A comparison of volume conductor and source geometry effects on body surface and epicardial potentials.

Abstract

Using an analytical mathematical model, the effects of variations in geometry and volume conductor properties of the torso on epicardial and body surface potentials was studied and compared. The model consists of a spherical heart (blood cavity bounded by a spherical muscle shell that includes a double layer source and pericardium) eccentrically placed in a spherical torso (lung region bounded by muscle and fat layers).
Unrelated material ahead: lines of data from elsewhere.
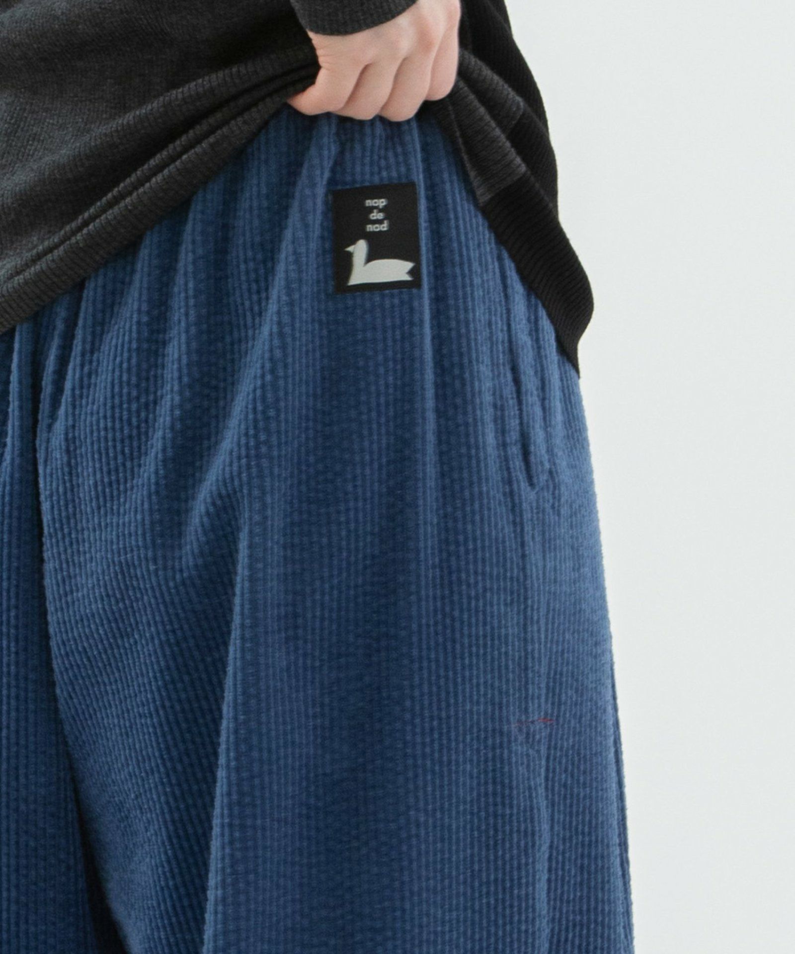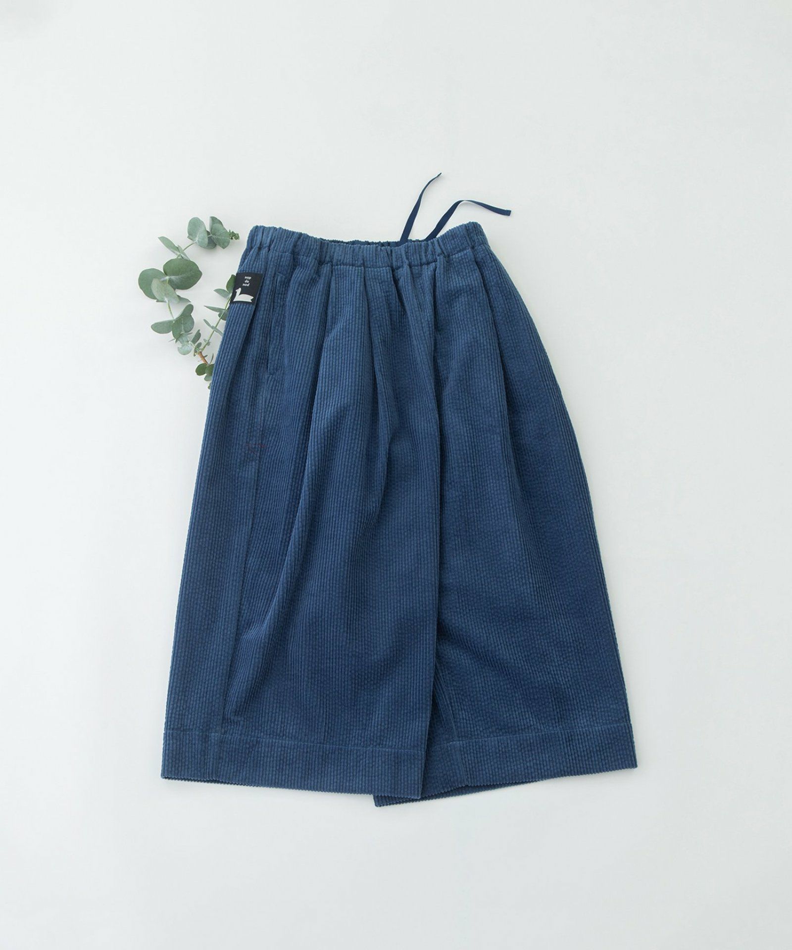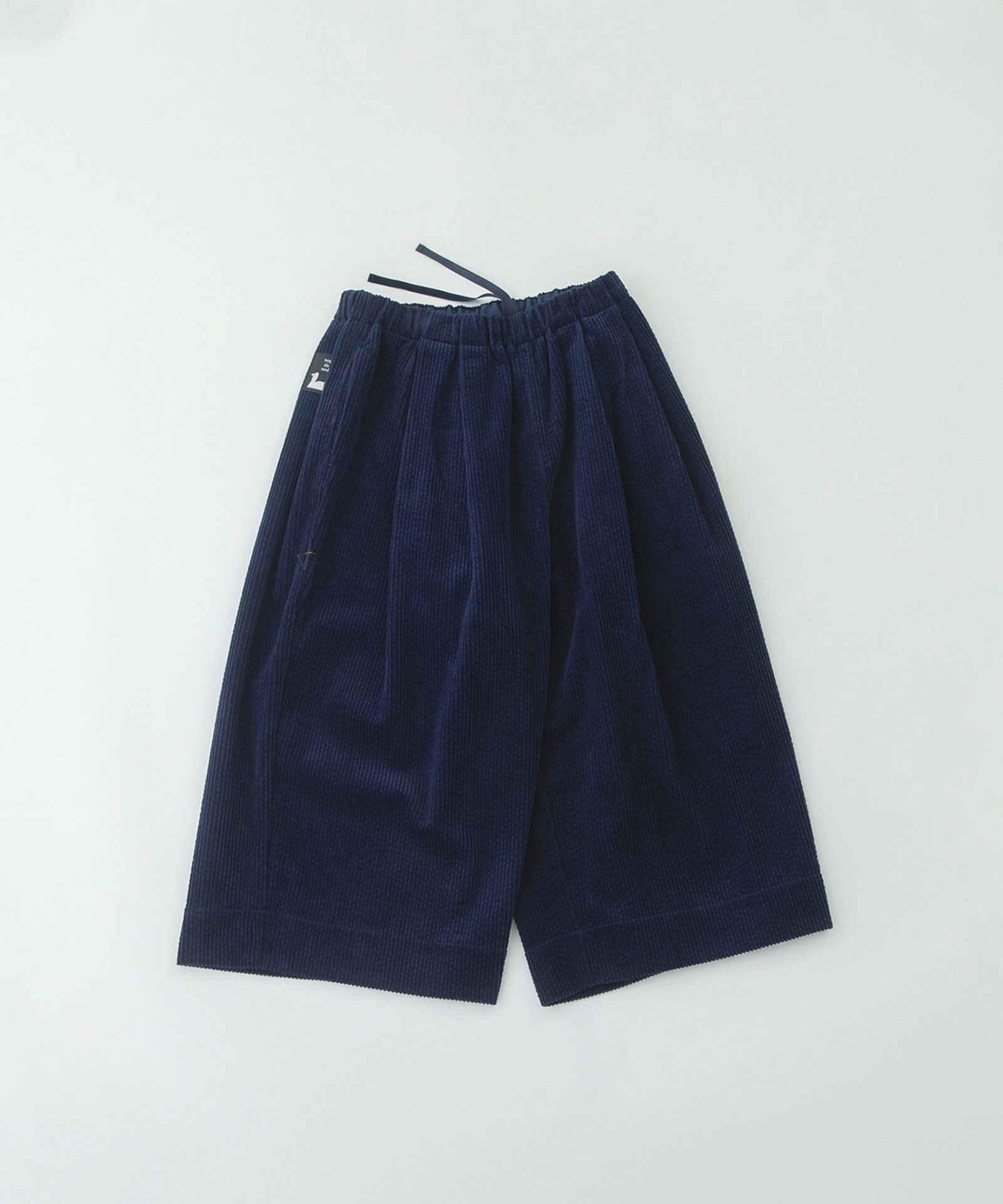 太畝コーデュロイ素材で仕立てたクロップドタックパンツ。フロントのタックから程よく広がるシルエットが絶妙で足首がきれいに見えるバランスです。右後ろのスワンネームがワンポイント。両サイドのポケット口にはスカラップステッチがあり、さりげないアクセントに。ウエストはゴム仕様で内紐つきです。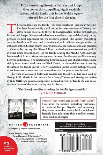 From bestselling historians Frances and Joseph Gies, authors of the classic ?Medieval Life? series, comes this compelling, lucid, and highly readable account of the family unit as it evolved throughout the Medieval period?reissued for the first time in decades. ?Some particular books that I found useful for Game of Thrones and its sequels deserve mention. Life in a Medieval Castle and Life in a Medieval City, both by Joseph and Frances Gies.? ?George R. R. Martin, author of Game of Thrones Throughout history, the significance of the family?the basic social unit?has been vital. In Marriage and the Family in the Middle Ages, acclaimed historians Frances and Joseph Gies trace the development of marriage and the family from the medieval era to early modern times. It describes how the Roman and barbarian cultural streams merged under the influence of the Christian church to forge new concepts, customs, laws, and practices. Century by century, the Gies follow the development?sometimes gradual, at other times revolutionary?of significant components in the history of the family including: * The basic functions of the family as a production unit, as well as its religious, social, judicial, and educational roles. * The shift of marriage from private arrangement between families to public ceremony between individuals, and the adjustments in dowry, bride-price, and counter-dowry. * The development of consanguinity rules and incest taboos in church law and lay custom. * The peasant family in its varying condition of being free or unfree, poor, middling, or rich. * The aristocratic estate, the problem of the younger son, and the disinheritance of daughters. * The Black Death and its long-term effects on the family. * Sex attitudes and customs: the effects of variations in age of men and women at marriage. * The changing physical environment of noble, peasant, and urban families. * Arrangements by families for old age and retirement. Expertly researched, master historians Frances and Joseph Gies?whose books were used by George R.R. Martin in his research for Game of Thrones?paint a compelling, detailed portrait of family life and social customs in one of the most riveting eras in history.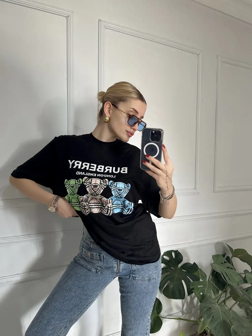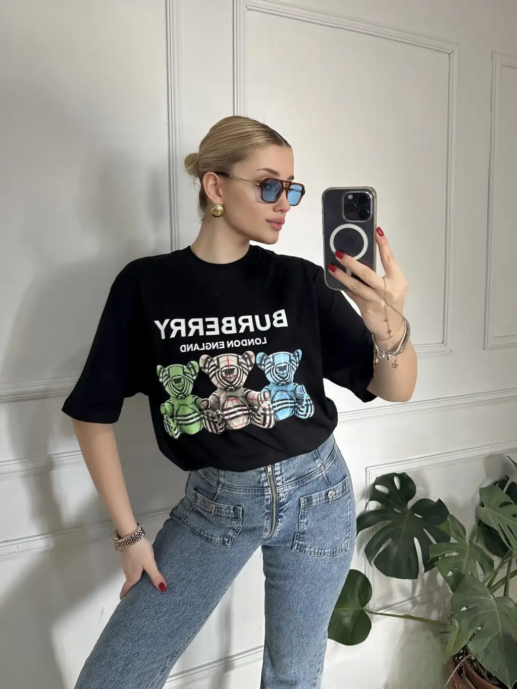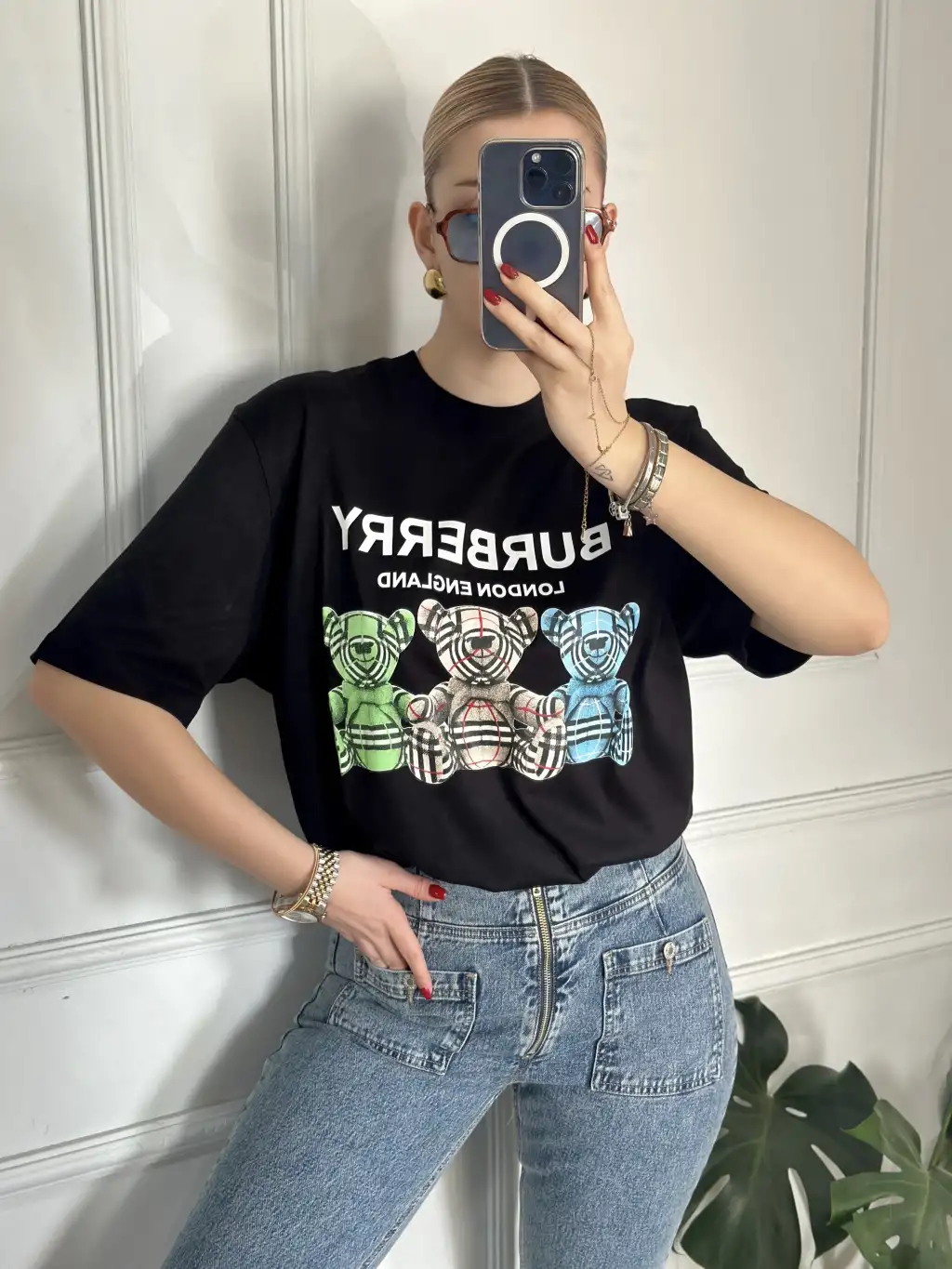 Burbe Siyah Ayıcık Baskılı %100 Pamuk Orijinal Marka Etiketli Oversize Tshirt

The effects of the following parameters on body surface and epicardial potentials were studied: separation of the cardiac sources; location of the heart within the torso; combined effects of all torso inhomogeneities; internal inhomogeneities (intracavitary blood, pericardium); external inhomogeneities (lung region, skeletal muscle, subcutaneous fat) and hypertrophy and dilation. Although internal inhomogeneities affect epicardial and surface potentials similarly, the effect of external inhomogeneities on body surface potentials is different from their effect on epicardial potentials. The effects of hypertrophy and dilation depend on specific details regarding alterations in size and shape of blood cavity, heart and activation surface. Epicardial potential maps accurately reflect the underlying source configuration, are free of the effects of body shape and size and are affected significantly by only 1 extracardiac inhomogeneity, the lung region. Such maps can enhance our capability to interpret and diagnose electrophysiological events within the heart.